A Hoosier cabinet, often shortened to "hoosier", is a type of free-standing kitchen cabinet popular in the early decades of the twentieth century. Almost all of these cabinets were produced by companies located in Indiana and the name derives from the largest of them, the Hoosier Manufacturing Co. of New Castle, Indiana. Other Indiana businesses include Hoosier Racing Tire and the Hoosier Bat Company, manufacturer of wooden baseball bats.

The RCA Dome, former home of the Indianapolis Colts, was known as the "Hoosier Dome" before RCA purchased the naming rights in 1994. The RCA Dome was replaced by Lucas Oil Stadium in 2008.

==In popular culture==

- Indiana native Kurt Vonnegut's book Cat's Cradle describes this identification as an example of a granfalloon.
- In the book Double Negative by David Carkeet, Wach exhorts Cook to give a PR talk, perhaps on Hoosier.

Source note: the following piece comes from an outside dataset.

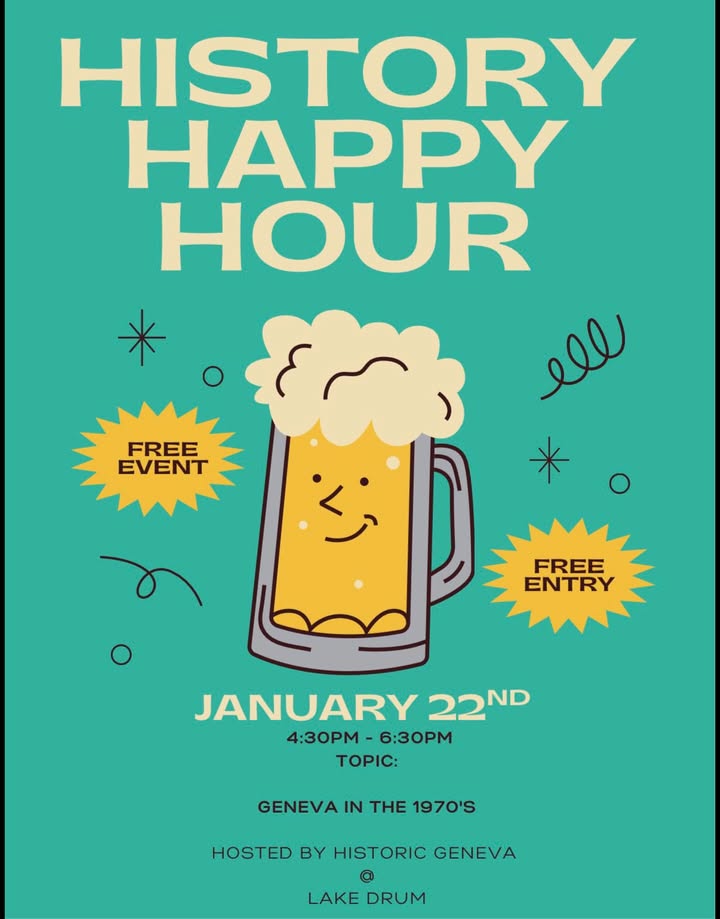 Lake Drum Brewing in Geneva, NY will host a History Happy Hour on January 22nd from 4:30 p.m. to 6:30 p.m. The event, presented in cooperation with Historic Geneva and hosted by John Marks, will focus on life in Geneva during the 1970s, covering topics from local culture to community life. Entry to the event is free. Attendees are encouraged to arrive early to enjoy a pint and learn about the city's history.

As a result, Cook researches its etymology.
- In the movie The Outlaw Josey Wales (starring Clint Eastwood), a shopkeeper states "I'm a Hoosier" to the disgust of an elderly customer.
- The HBO miniseries The Pacific refers to PFC Bill Smith by the nickname "Hoosier", as do the two Marine memoirs on which the series is based.
- Adam Savage, host of the Discovery Channel series MythBusters, often refers to co-host Jamie Hyneman as a Hoosier, the latter having been raised on a farm in Indiana, and attended Indiana University.
- Serial killer Carl Panzram's last words were reportedly, "Hurry it up, you Hoosier bastard! I could kill 10 men while you're fooling around!"
- In the movie We're No Angels, Sean Penn's character says when asked to wear work clothes as a disguise, "Whaddya think I am, a Hoosier or something?"
- In the book Donnie Brasco: My Undercover Life in the Mafia, gangster Benjamin "Lefty Guns" Ruggiero uses Hoosier as an epithet.
- Hoosiers, a 1986 sports film, is about a small-town Indiana high school basketball team that wins the state championship.
- The Frugal Hoosier is a fictional discount grocery store depicted in the ABC sitcom The Middle, based in the fictional Indiana town of Orson.
- In the NBC sitcom Parks and Recreation episode "Soulmates", a fictional online dating site called "hoosiermate.com" was the main subject. The series is set in Indiana.
- The US Secret Service has designated the code name "Hoosier" for former US Vice President, former Indiana Governor, and Indiana native Mike Pence.
- On his podcast, retired Indianapolis Colts punter Pat McAfee defined the term as "a human who is willing to stand up in the face of adversity, chug two beers, and do anything he can to make America a better place. That's what a Hoosier is."
- In 1987, then-United States Senator Dan Quayle of Indiana requested of the Merriam-Webster dictionary to redefine the term "Hoosier" to mean "someone who is smart, resourceful, skillful, a winner, unique and brilliant." The dictionary denied the request.